The Adelaide trial demonstrated that patients who lost ≥10% of body weight had a 6× greater probability of remaining in sinus rhythm than those who did not, independent of antiarrhythmic therapy. This is data every GP managing AF patients should know and cite to motivate patients.
A trigger diary helps patients feel engaged in their own care and provides clinical data that 24-hour Holter monitoring alone cannot capture — the context of symptoms. Many patients discover their palpitations are reliably triggered by specific foods, drinks, or stressors and can be managed entirely by avoidance, without medication.
Clear safety-netting is essential — palpitations often recur and arrhythmias can progress. Ensure every patient knows the specific symptoms that require immediate action.
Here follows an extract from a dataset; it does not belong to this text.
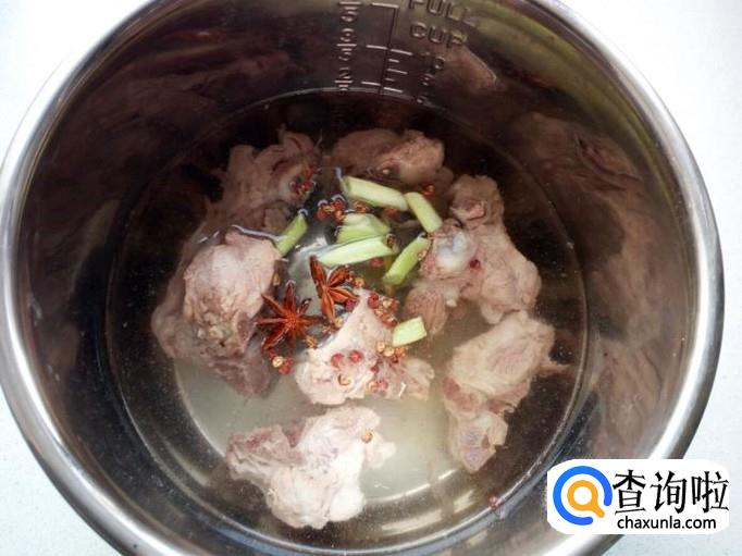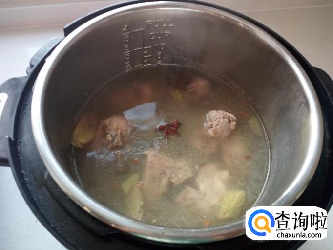 把煮过的脊骨放入电压力锅中(也可以用锅炖,用压力锅比较省时间),放入料酒,八角,花椒,葱姜,少许白糖,盐。然后盖上盖,把电压力锅设在肉/鸡档上(12分钟),通电压熟后备用。

CHA₂DS₂-VASc scores change as patients age or acquire new comorbidities. An annual score reassessment is required — a patient who scored 1 last year may score 2 this year due to a new diagnosis of hypertension or having turned 65. Failure to do this is a common audit finding and medicolegal vulnerability in AF management.
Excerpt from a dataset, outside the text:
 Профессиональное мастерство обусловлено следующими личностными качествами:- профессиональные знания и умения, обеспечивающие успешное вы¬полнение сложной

Digoxin toxicity is a preventable drug harm — the therapeutic window is narrow and toxicity is precipitated by hypokalaemia (from concurrent diuretics), renal impairment, and drug interactions (amiodarone, clarithromycin double digoxin levels). Symptoms of toxicity include nausea, visual disturbance (yellow-green halos), bradycardia, and new arrhythmias — patients must be counselled specifically on these.
DVLA notification is a medicolegal requirement that GPs frequently miss in palpitation management. Patients with syncope or near-syncope related to arrhythmia must be advised in writing to stop driving — document this conversation clearly in the notes. Group 2 licence holders (HGV/bus drivers) have stricter standards and require specialist sign-off before returning to driving.